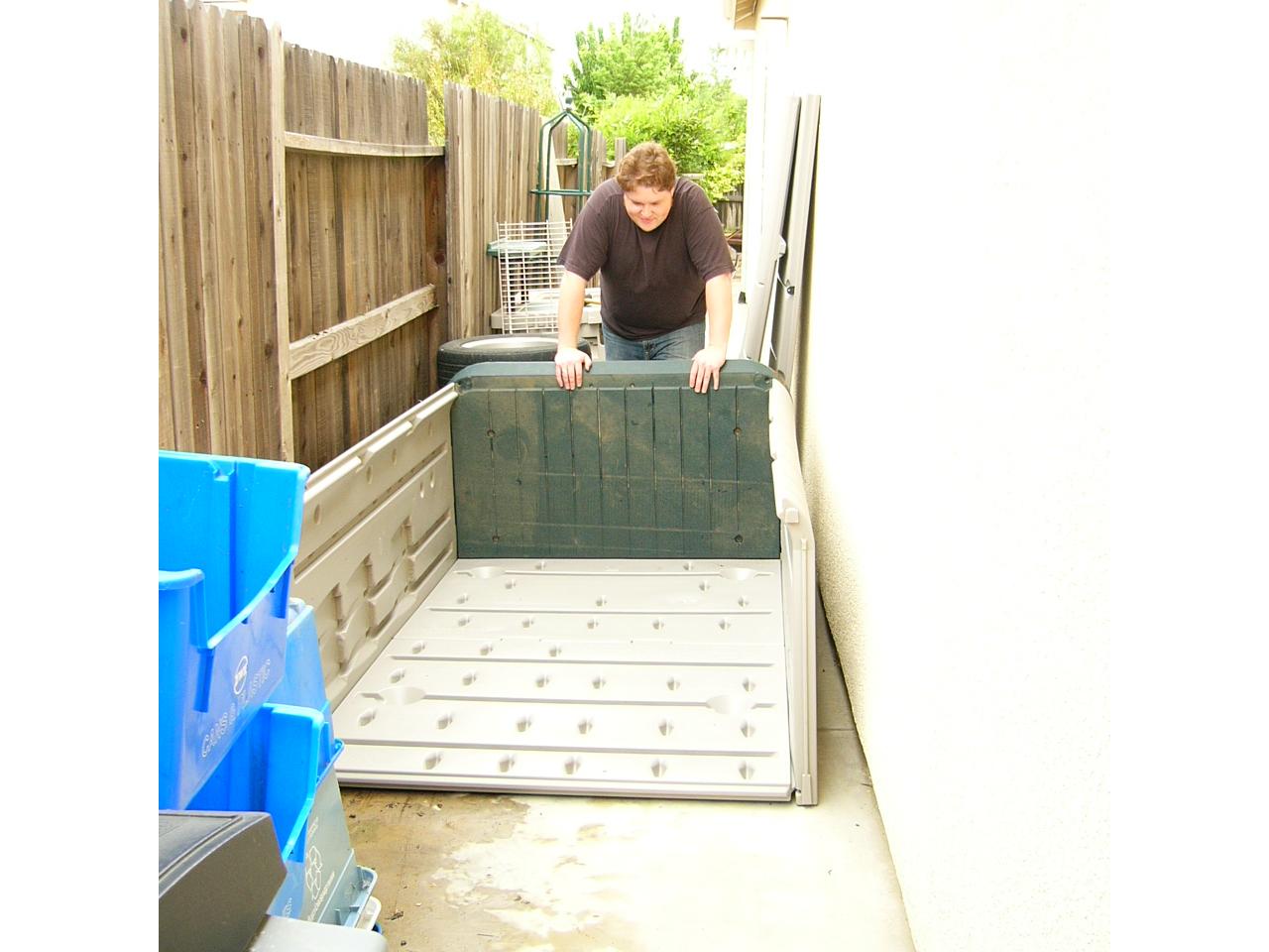 One of the things my mom wanted, practical as she is, is help with chores. I chose the one that seemed the most fun: Building some sort of plastic shed. And, I knew that she would take pictures, like she does with everything, and I could translate them into points, like I do with everything.
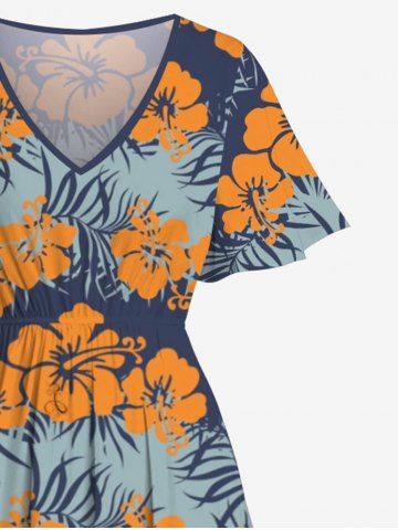 Graphic Dresses > Plus Size Floral Tropical Leaves Striped Print Hawaii Split Pocket A Line Midi Dress
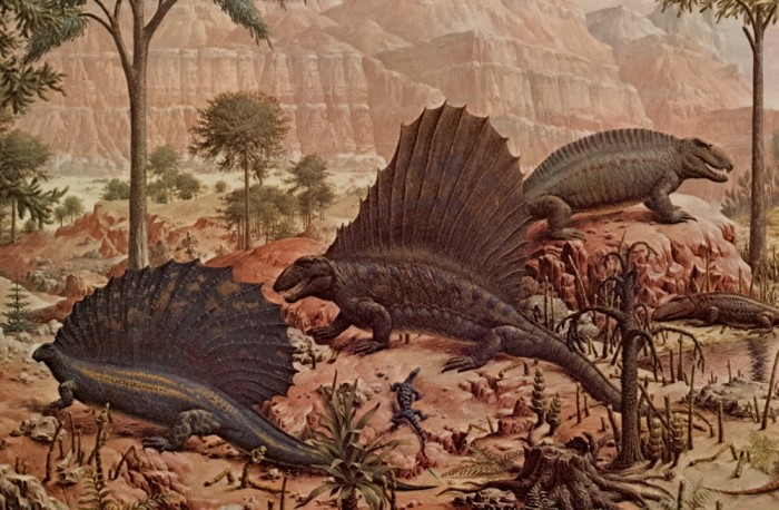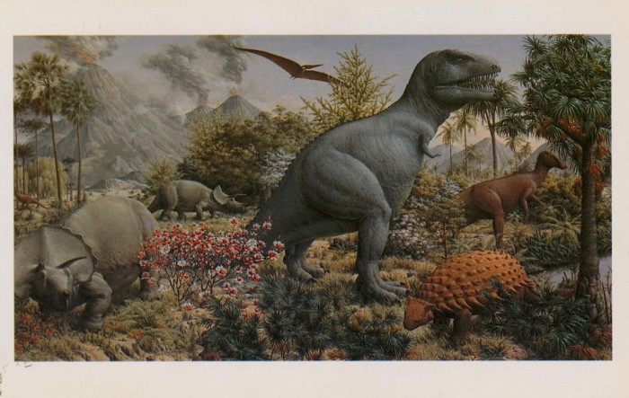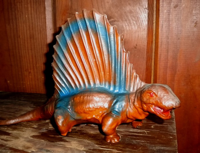 This Miller Dimetrodon figure was based on Zallinger’s depiction of the sail-backed pelycosaur in his “Age of Reptiles” painting, reproduced in the souvenir postcard from Yale University’s Peabody Museum of Natural History shown below.
□ □ □
▶ **What the task requires**
Print the listing exactly. No pictures belong in the copy.

▶ **Problem solution**
 One of the things my mom wanted, practical as she is, is help with chores. I chose the one that seemed the most fun: Building some sort of plastic shed. And, I knew that she would take pictures, like she does with everything, and I could translate them into points, like I do with everything.
 Graphic Dresses > Plus Size Floral Tropical Leaves Striped Print Hawaii Split Pocket A Line Midi Dress
 This Miller Dimetrodon figure was based on Zallinger’s depiction of the sail-backed pelycosaur in his “Age of Reptiles” painting, reproduced in the souvenir postcard from Yale University’s Peabody Museum of Natural History shown below.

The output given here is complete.